RECORDS SUPPLIED Block Start

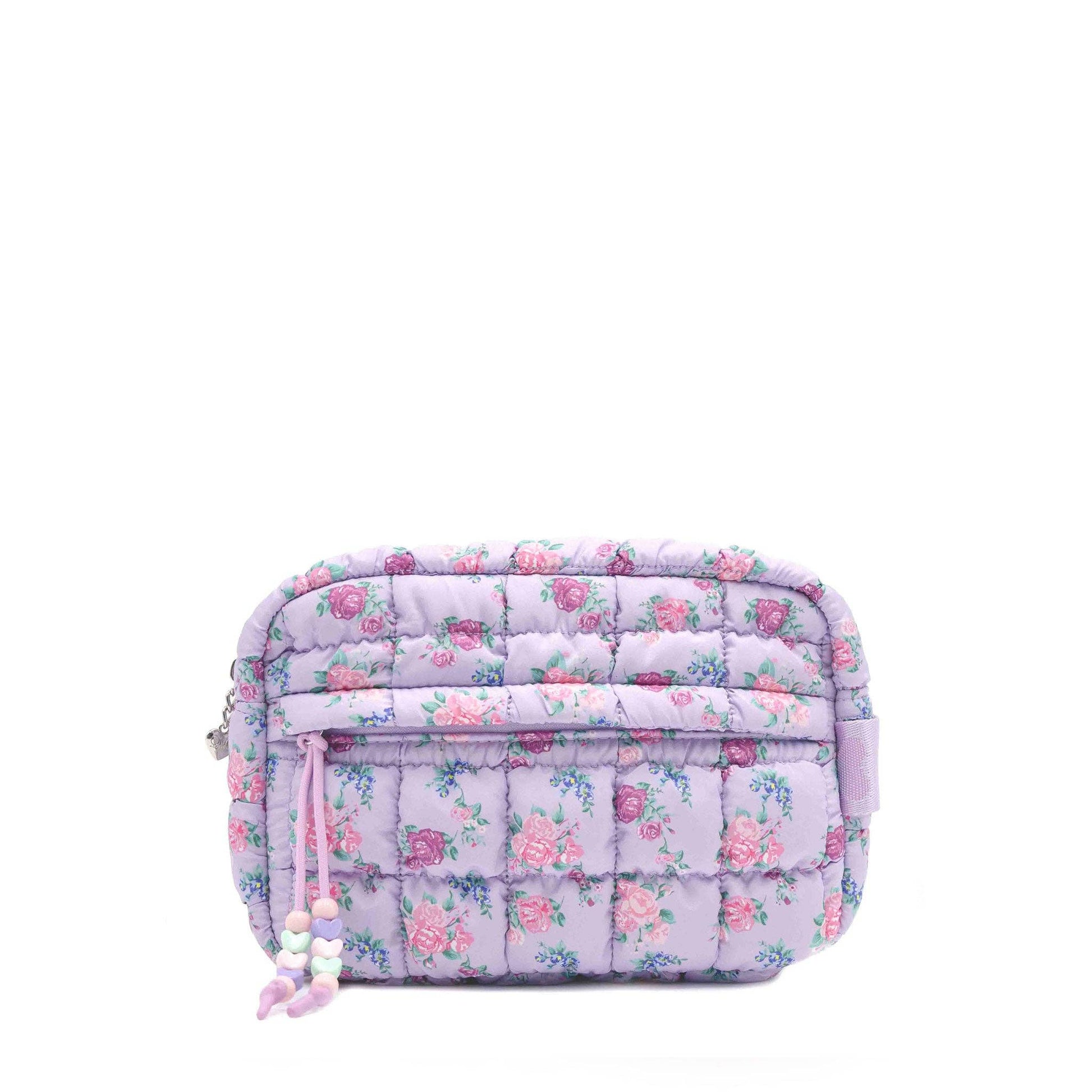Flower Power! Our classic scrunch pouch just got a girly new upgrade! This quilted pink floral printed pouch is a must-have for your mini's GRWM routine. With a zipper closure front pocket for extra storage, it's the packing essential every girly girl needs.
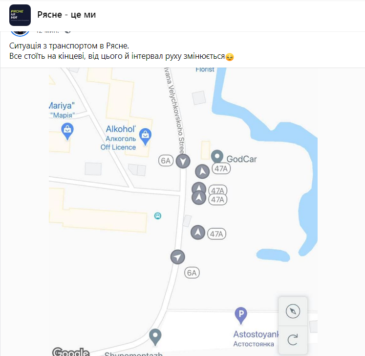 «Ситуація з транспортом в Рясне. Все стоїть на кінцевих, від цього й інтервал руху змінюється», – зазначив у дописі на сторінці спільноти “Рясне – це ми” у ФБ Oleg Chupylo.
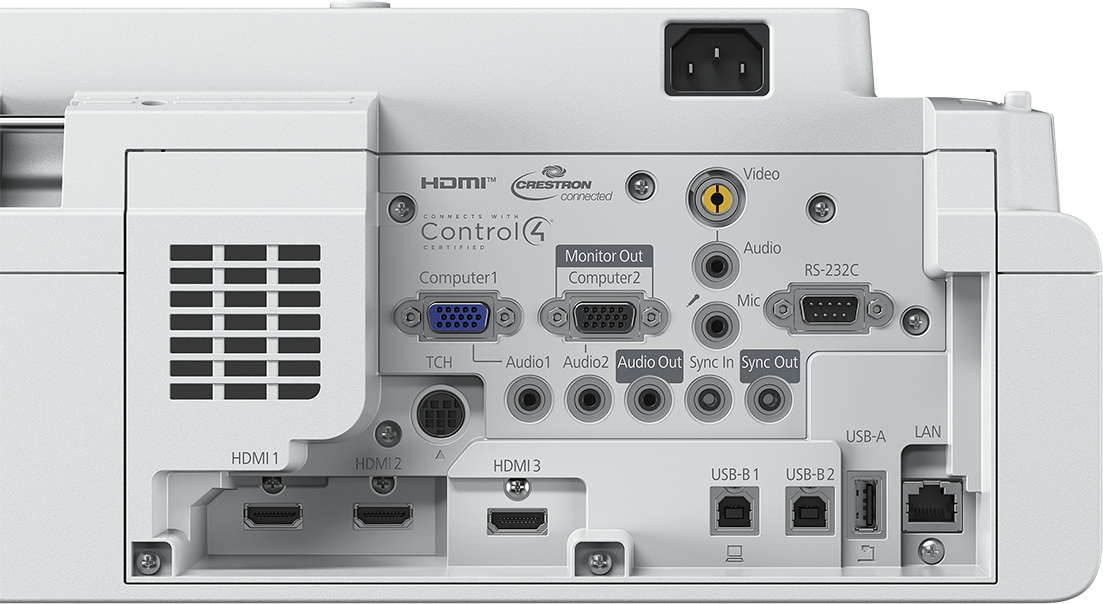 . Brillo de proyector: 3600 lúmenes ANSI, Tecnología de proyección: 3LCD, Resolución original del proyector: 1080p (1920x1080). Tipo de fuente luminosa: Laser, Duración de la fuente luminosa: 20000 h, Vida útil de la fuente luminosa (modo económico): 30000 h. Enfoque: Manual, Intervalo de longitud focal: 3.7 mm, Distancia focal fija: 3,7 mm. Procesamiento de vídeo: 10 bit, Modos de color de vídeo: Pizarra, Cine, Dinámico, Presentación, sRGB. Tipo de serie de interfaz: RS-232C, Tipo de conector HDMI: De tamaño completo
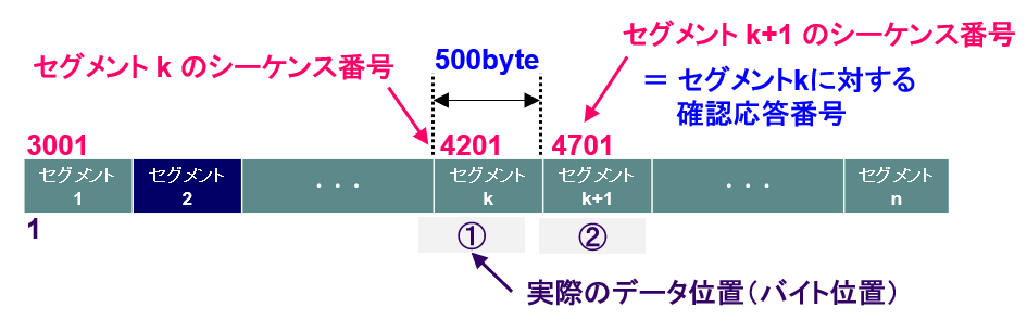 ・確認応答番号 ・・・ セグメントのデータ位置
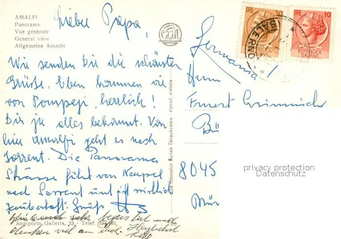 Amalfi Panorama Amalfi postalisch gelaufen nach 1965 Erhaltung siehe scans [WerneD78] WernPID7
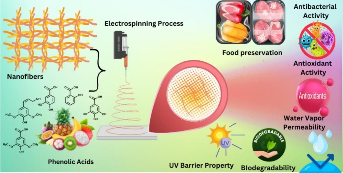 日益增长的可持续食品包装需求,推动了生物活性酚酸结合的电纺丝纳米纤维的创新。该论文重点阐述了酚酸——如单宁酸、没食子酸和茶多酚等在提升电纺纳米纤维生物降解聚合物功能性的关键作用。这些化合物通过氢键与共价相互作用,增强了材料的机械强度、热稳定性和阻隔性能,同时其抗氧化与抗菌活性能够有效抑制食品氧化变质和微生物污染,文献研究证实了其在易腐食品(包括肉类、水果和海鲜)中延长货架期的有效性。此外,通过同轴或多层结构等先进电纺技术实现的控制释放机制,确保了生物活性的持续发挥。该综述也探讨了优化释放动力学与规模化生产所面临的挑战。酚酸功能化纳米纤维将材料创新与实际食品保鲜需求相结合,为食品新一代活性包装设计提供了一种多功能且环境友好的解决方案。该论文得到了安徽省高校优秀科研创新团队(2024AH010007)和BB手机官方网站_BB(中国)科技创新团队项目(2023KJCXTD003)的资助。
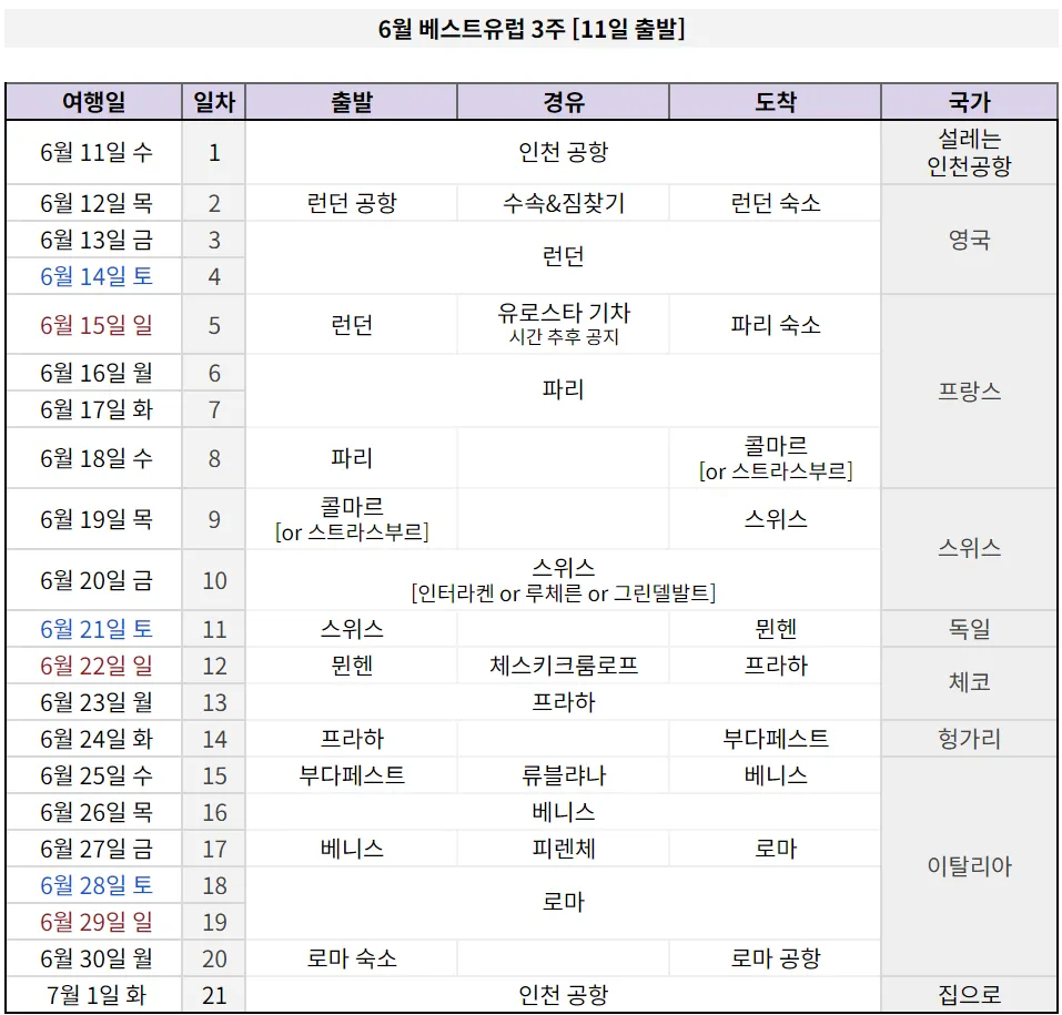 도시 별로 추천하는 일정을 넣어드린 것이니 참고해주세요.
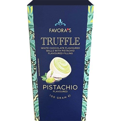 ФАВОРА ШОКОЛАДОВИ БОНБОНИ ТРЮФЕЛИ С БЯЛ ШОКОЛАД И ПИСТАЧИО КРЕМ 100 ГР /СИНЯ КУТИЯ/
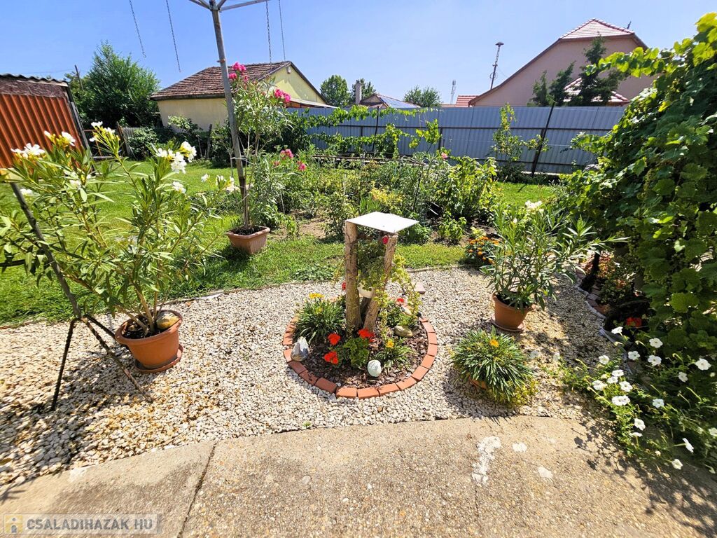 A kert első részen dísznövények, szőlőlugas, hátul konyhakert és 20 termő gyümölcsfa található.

RECORDS SUPPLIED Block End

TASK REQUIREMENTS: The required output is the span of lines from the line with "日益增长的可持续食品包装需求" through the final line of the listing above, reproduced exactly, minus the pictures.

TASK SOLUTION:
 日益增长的可持续食品包装需求,推动了生物活性酚酸结合的电纺丝纳米纤维的创新。该论文重点阐述了酚酸——如单宁酸、没食子酸和茶多酚等在提升电纺纳米纤维生物降解聚合物功能性的关键作用。这些化合物通过氢键与共价相互作用,增强了材料的机械强度、热稳定性和阻隔性能,同时其抗氧化与抗菌活性能够有效抑制食品氧化变质和微生物污染,文献研究证实了其在易腐食品(包括肉类、水果和海鲜)中延长货架期的有效性。此外,通过同轴或多层结构等先进电纺技术实现的控制释放机制,确保了生物活性的持续发挥。该综述也探讨了优化释放动力学与规模化生产所面临的挑战。酚酸功能化纳米纤维将材料创新与实际食品保鲜需求相结合,为食品新一代活性包装设计提供了一种多功能且环境友好的解决方案。该论文得到了安徽省高校优秀科研创新团队(2024AH010007)和BB手机官方网站_BB(中国)科技创新团队项目(2023KJCXTD003)的资助。
 도시 별로 추천하는 일정을 넣어드린 것이니 참고해주세요.
 ФАВОРА ШОКОЛАДОВИ БОНБОНИ ТРЮФЕЛИ С БЯЛ ШОКОЛАД И ПИСТАЧИО КРЕМ 100 ГР /СИНЯ КУТИЯ/
 A kert első részen dísznövények, szőlőlugas, hátul konyhakert és 20 termő gyümölcsfa található.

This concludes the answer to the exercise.